Anyone knows how to replace those special characters? 有人知道如何替换那些特殊字符吗? I dont want to replace characters like #, @ or !. 我不想替换#,@或!等字符。 These are trivial and can be typed with keyboard. 这些都很简单,可以用键盘输入。

Sorry, I dont know how to put those special characters in my question.I will try to explain. 抱歉,我不知道如何在问题中加上这些特殊字符。

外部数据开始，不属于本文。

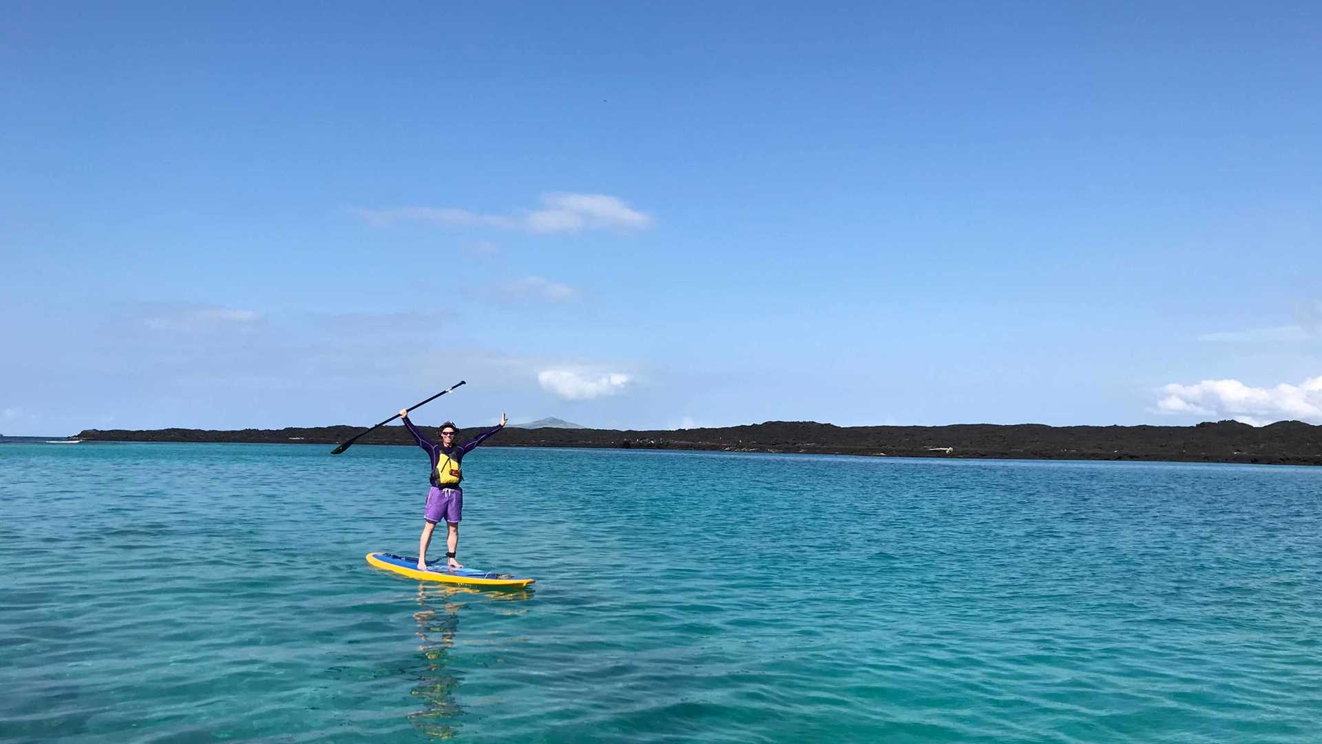 Today we woke up to the view of extensive lava flows surrounded by crystal clear waters and sandy bottoms. The morning expedition took place above and under water, in the breathtaking channel between Sombrero Chino Islet and Santiago Island. We kayaked, paddle boarded, went zodiac driving and lastly snorkeled with penguins, sharks, rays, sea lions and many fish. In the afternoon, we went looking for more penguins from the zodiacs and then hiking on one of the many lava flows of Santiago Island, the Sullivan Bay flow. This is the youngest lava flow on this island and dates back to the 1897, even though this flow is 120 years old there are only some pioneer plants such as lava cactus and mollugos. It will take many more years for the soil to be ready and other plants to establish and for wildlife to follow. The beauty of this flow reminds us how amazing nature is, being able to go from bare lava rock to beautiful green incense tree forests, just like it happens in the Galapagos Islands. We went back onboard having spent another stunning day in paradise with a spectacular sunset lighting our way back to the ship!

我会尽力解释。 In word file, we put bullets before text. 在Word文件中,我们将项目符号放在文本之前。 I want to replace characters reprenting such characters. 我想替换代表此类字符的字符。 I have some text files which contain characters which look like bubble. 我有一些文本文件,其中包含看起来像气泡的字符。

Finally, I found out the solution. 最后,我找到了解决方案。 This regular expression works for me 这个正则表达式对我有用

([^(A-Za-z0-9)+|\\r|\\n|\\t|'|"|#|;|:|/|\\|.|,| ]) ([^(A-Za-z0-9)+ | \\ r | \\ n | \\ t |'|“ |#|; |:|||| \\ .. ,, |])

It would be possible to find all "special" characters with this regular expression and then just replace them with a space character: 可以使用此正则表达式找到所有“特殊”字符,然后将它们替换为空格字符:

/[<special_characters_here>]/

However, usually it is better to use whitelisting, thus mentioning all allowed characters and replacing everything that's not them with a space character: 但是,通常最好使用白名单,从而提及所有允许的字符,并用空格字符替换不是它们的所有内容:

/[^<allowed_characters_here>]/

(This was posted before the language had been specified.) (这是在指定语言之前发布的。)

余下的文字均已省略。